The purple coneflower (Echinacea purpurea) is native to the woodlands of the central and eastern United States. Its 2- to 4-inch flowers are actually clusters of small golden flowers surrounded by purple or pink petals. This perennial grows up to 4 feet tall and thrives in United States Department of Agriculture (USDA) Hardiness Zones 3 through 9. Purple coneflowers are susceptible to damage from a variety of pests.
The tiny, soft-bodied aphid sucks plant sap through its long feeding tube. Purple coneflowers are susceptible to attack by the brown ambrosia aphid, the melon aphid, and the green peach aphid. After ingesting sap from the leaves and stems, aphids excrete a sticky, clear substance known as honeydew. Sooty mold grows in honeydew and produces a black discoloration in leaves and stems. Heavy infestations cause wilting and dieback. Effective insecticides include acethate and imidacloprid. Less toxic controls include insecticidal soap, horticultural oil and pyrethrums.
The aster leafhopper carries the aster yellows disease, which is a serious infection in purple coneflowers. Also known as the six-spotted leafhopper, this light green insect pest has six black spots on its head. It measures 1/8 inch long and has a life cycle of 40 days. Symptoms of aster yellows include green flower petals, stunted growth and plant death. To prevent this disease, which overwinters in plants, remove and destroy plants infested with aster leafhoppers.
The microscopic eriophyid mite is a common insect pest in purple coneflowers. This insect pest feeds on nutrients inside flower buds. Infestation symptoms include stunted flowers, as well as green growths emerging from the sides of the flowers. The University of Illinois Extension notes that symptoms of eriophyid mite infestation resemble symptoms of aster yellows disease. Cut back infested plants, and remove and destroy infested plant material.

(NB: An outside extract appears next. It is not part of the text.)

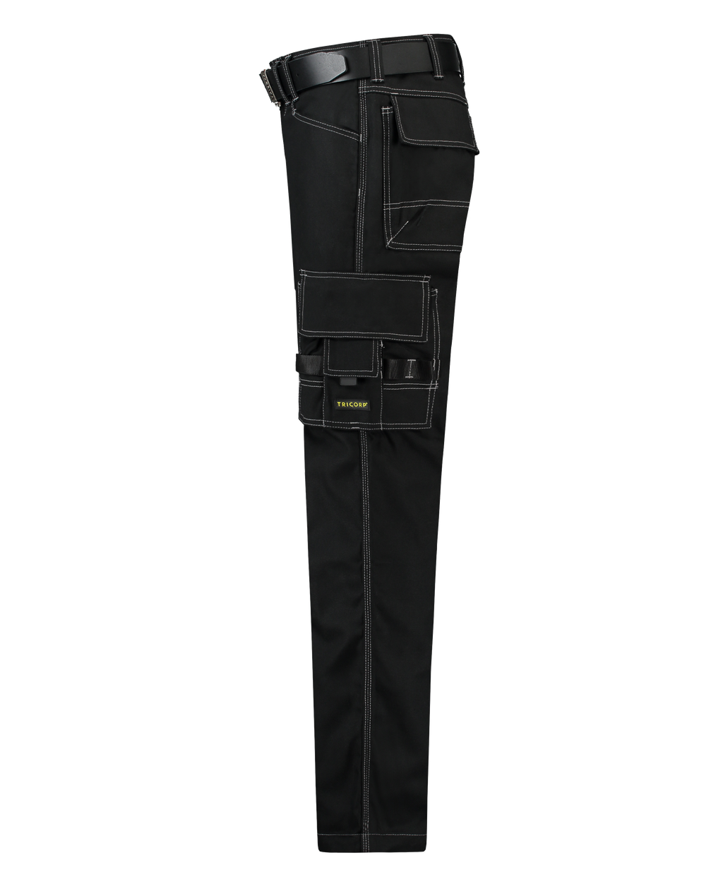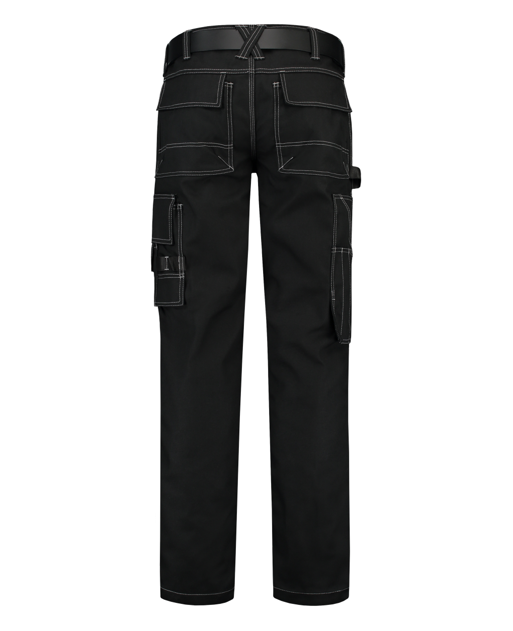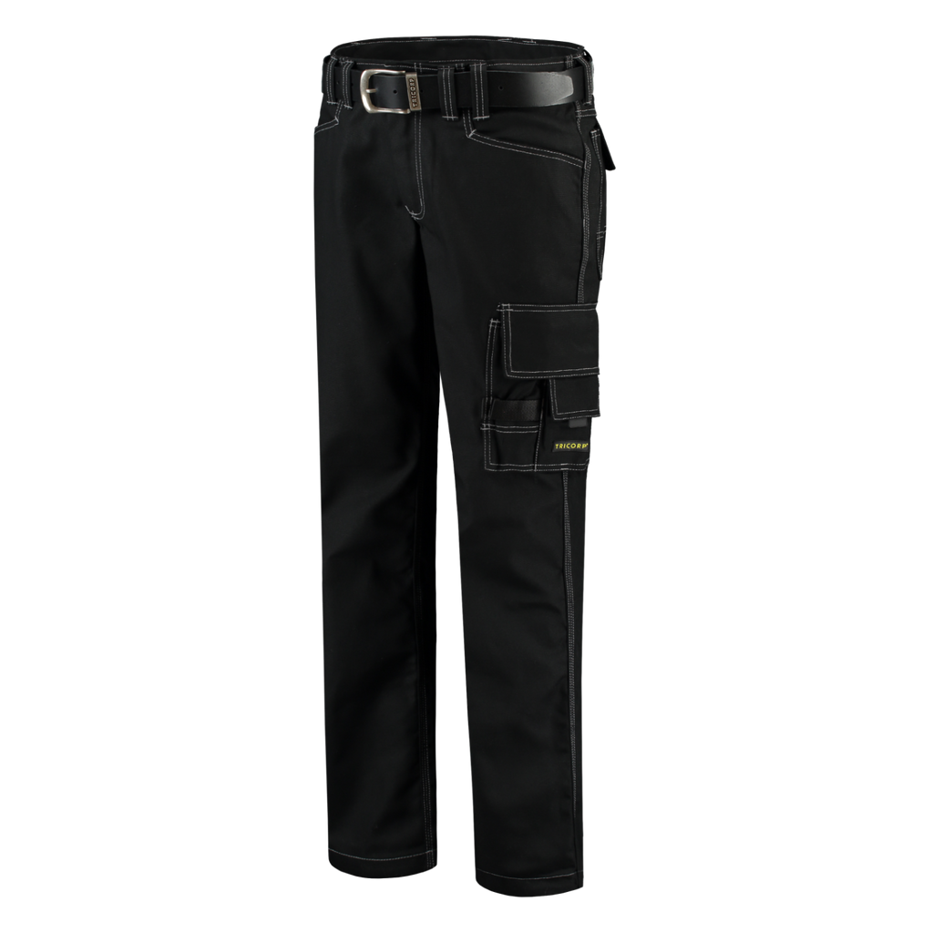 These canvas work pants have triple stitched seams, a hammer loop, a thigh pocket which can be closed, and a ruler pocket. The double hem provides about 6 cm in length.

If the leaves on your purple coneflower have a lacy appearance, the culprit may be the Japanese beetle. An adult measures 1/2 inch long and has copper brown wing covers and green legs. White tufts surround its body. Japanese beetles eat the leaf areas between the veins, creating the lacy leaf appearance. This insect is difficult to control. Large numbers of traps, and weekly applications of carbaryl, malathion or cyfluthrin control adult beetles. Milky spore powder produces the milky spore disease, which is fatal to the larvae; you can purchase the powder at a garden supply center. Carbaryl, trichlorfon and imidacloprid are also effective against larvae.
Sweet Potato Whitefly
The sweet potato whitefly produces honeydew after it feeds on the undersides of coneflower leaves. Also known as the silverleaf whitefly, this pest measures only 1/32 of an inch long and white wings fold into a peak over its back. Infestation symptoms include yellowed leaves, and black sooty mold. According to the Texas A&M University Extension, the best control of sweet potato whitefly is prevention. Remove and destroy infested plants. Natural predators include the common green lacewing and lady beetles. Insect growth regulators, such as azadirachtin, kinoprene and fenoxycarb, are effective controls.